Good ham and bacon for winter started on our 35-acre farm in the spring when our old Poland China sow had her spring litter. She averaged about 8 pigs to the litter. By weaning time (eight to ten weeks), Dad could tell the good ones from bad, usually picked out three of the largest and most promising pigs to fatten and sold the rest... got two to five dollars a piece for them.
Of course, the pigs didn't know, but they were eating themselves into trouble from that minute on. In spite of the eventual outcome, they lived a life of leisure all summer. They had a big trough of wheat shorts and water twice a day, a few ears of corn night and morning; the rest of the time they grazed on alfalfa or Sudan grass and enjoyed a big mud-hole in the shade of a large pecan tree.
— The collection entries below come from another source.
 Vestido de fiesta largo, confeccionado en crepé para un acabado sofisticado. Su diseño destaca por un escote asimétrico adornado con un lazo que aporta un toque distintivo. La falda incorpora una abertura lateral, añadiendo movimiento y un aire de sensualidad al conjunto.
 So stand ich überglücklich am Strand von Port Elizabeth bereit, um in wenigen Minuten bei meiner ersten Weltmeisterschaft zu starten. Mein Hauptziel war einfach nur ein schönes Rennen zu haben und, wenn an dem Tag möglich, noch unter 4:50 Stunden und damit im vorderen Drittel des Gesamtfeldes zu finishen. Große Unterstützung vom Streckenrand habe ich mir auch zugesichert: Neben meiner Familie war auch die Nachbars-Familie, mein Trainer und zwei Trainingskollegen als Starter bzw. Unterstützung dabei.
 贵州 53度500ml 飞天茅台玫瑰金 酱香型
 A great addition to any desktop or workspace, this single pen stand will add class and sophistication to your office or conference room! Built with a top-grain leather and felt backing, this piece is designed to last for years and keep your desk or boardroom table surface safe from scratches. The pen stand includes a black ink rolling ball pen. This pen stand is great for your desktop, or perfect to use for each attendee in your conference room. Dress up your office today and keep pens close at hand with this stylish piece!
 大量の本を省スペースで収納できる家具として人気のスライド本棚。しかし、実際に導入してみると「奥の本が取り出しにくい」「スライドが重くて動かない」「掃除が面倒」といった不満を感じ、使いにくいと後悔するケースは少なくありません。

The later part of September, they had moved up in their world. They were no longer pigs, they were shoats. In their new status, they were confined to smaller quarters getting less exercise and more feed. Actually they felt uncomfortably full at times.
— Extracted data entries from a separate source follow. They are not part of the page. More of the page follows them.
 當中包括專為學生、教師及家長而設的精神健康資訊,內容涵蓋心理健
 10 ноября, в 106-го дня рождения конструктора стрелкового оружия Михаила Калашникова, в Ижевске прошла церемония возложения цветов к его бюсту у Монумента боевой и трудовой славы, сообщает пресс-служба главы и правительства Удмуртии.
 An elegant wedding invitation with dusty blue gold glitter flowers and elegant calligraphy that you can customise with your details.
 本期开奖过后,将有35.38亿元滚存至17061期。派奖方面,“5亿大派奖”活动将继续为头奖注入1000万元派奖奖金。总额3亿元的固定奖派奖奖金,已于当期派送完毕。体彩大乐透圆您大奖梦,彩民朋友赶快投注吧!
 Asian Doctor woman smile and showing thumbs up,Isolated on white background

About the tenth of October, their status changed again. They were moved to even smaller quarters with a board floor and nice clean oat straw for a bed and an endless stream of big yellow ears of corn. The frosty autumn nights whetted their appetites and the yellow corn continued to taste good. The clean oat straw bed made their hair shiny and curly. They enjoyed their bed even more as the days went by. They no longer had a desire to romp and play, even when the weather changed. It was just more fun to lie on a full stomach and grunt with contentment.
The second or third Monday morning of November, the sun arose with a strong south wind; the air was heavy with blue wood smoke blowing in from big timber fires on the mountains across the river. Just before I left for school, I heard Dad tell Mom "That wind will blow up something in a day or two".
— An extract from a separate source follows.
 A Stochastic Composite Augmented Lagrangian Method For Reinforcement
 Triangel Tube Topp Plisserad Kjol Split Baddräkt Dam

That night I noticed a big pile of old posts, two wooden barrels, and two black cast iron soap kettles had been unloaded under the large oak trees south of the barn.
At dawn Tuesday morning it was raining. Dad said I could wear my new rubber boots and walk to school but if it kept raining, for me to wait at school that evening and he would be after me in the buggy. However, the rain stopped around noon, the wind changed from the south to the north, and the air began to get cold fast.
When I got home that night, the two oak barrels were under the eaves of the barn full of rain water. The two black kettles were sitting with each leg on a big rock high enough to get the old post under them. There were six or eight gamble sticks notched and ready, leaning against the tree. A large pole with one end in the crotch of a big limb and the other end resting in the crotch of two poles criss-crossed and chained together, probably eight feet high. This I knew would be used to hang the dressed hogs.
On the porch, several knives and a cleaver had been sharpened to a dangerous edge; the .22 Stevens rifle, cleaned and oiled, was standing near the water bucket. It was plain to see what would happen tomorrow. I learned from Mom that Uncle Frank and Aunt Lucy, as well as Mr. and Mrs. Jenkins were going to butcher with us... about nine or ten heads all together. It would take most of the day. This meant that Virgil, my cousin, would come to our house after school tomorrow.
The three big hogs, on the floor board bedded with the bright oat straw, seemed disappointed that night when they failed to get their usual yellow corn and squealed their protest in no uncertain terms.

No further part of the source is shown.